638(p)(1)(B)) is amended to read as follows:
`(B) the Director of the United States Patent and Trademark Office;
and'.
(6) Section 12 of the Act of February 14, 1903 (15 U.S.C. 1511) is
amended by striking `(d) PATENT AND TRADEMARK OFFICE;' and
redesignating
subsections (a) through (g) as paragraphs (1) through (6), respectively.
(7) Section 19 of the Tennessee Valley Authority Act of 1933 (16 U.S.C.
831r) is amended--
(A) by striking `Patent Office of the United States' and inserting
`United States Patent and Trademark Office'; and
(B) by striking `Commissioner of Patents' and inserting `Director of
the United States Patent and Trademark Office'.

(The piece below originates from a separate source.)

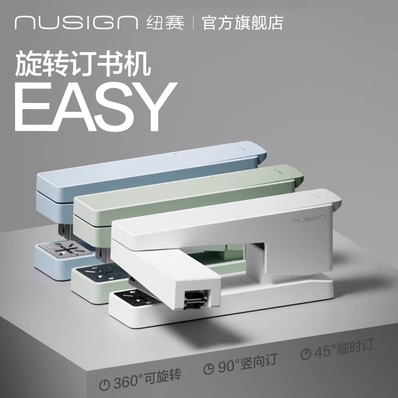 得力可旋转订书机大号学生用高颜值订书器订送起钉器办公用重型加厚多功能小号省力订厚书标准订中缝装 订用品
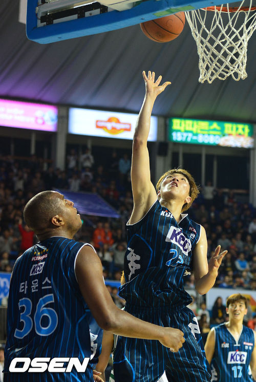 한편 전주에서는 홈팀 KCC(7승 3패)가 연장 혈전 끝에 92-88로 원주 동부(4승 7패)를 제압하고 단독 3위로 뛰어 올랐다. 4연승의 KCC는 김민구가 4쿼터에만 10점을 몰아쳤다. 종료 4.3초를 남기고 터진 3점슛으로 3점을 앞선 KCC는 승리가 눈앞이었다. 이 때 0.2초를 남기고 이광재의 동점 3점슛이 터져 승부는 연장으로 넘어갔다.

(8) Section 182(b)(2)(A) of the Trade Act of 1974 (19 U.S.C.
2242(b)(2)(A)) is amended by striking `Commissioner of Patents and
Trademarks' and inserting `Director of the United States Patent and
Trademark Office'.
(9) Section 302(b)(2)(D) of the Trade Act of 1974 (19 U.S.C.
2412(b)(2)(D)) is amended by striking `Commissioner of Patents and
Trademarks' and inserting `Director of the United States Patent and
Trademark Office'.
(10) The Act of April 12, 1892 (27 Stat. 395; 20 U.S.C.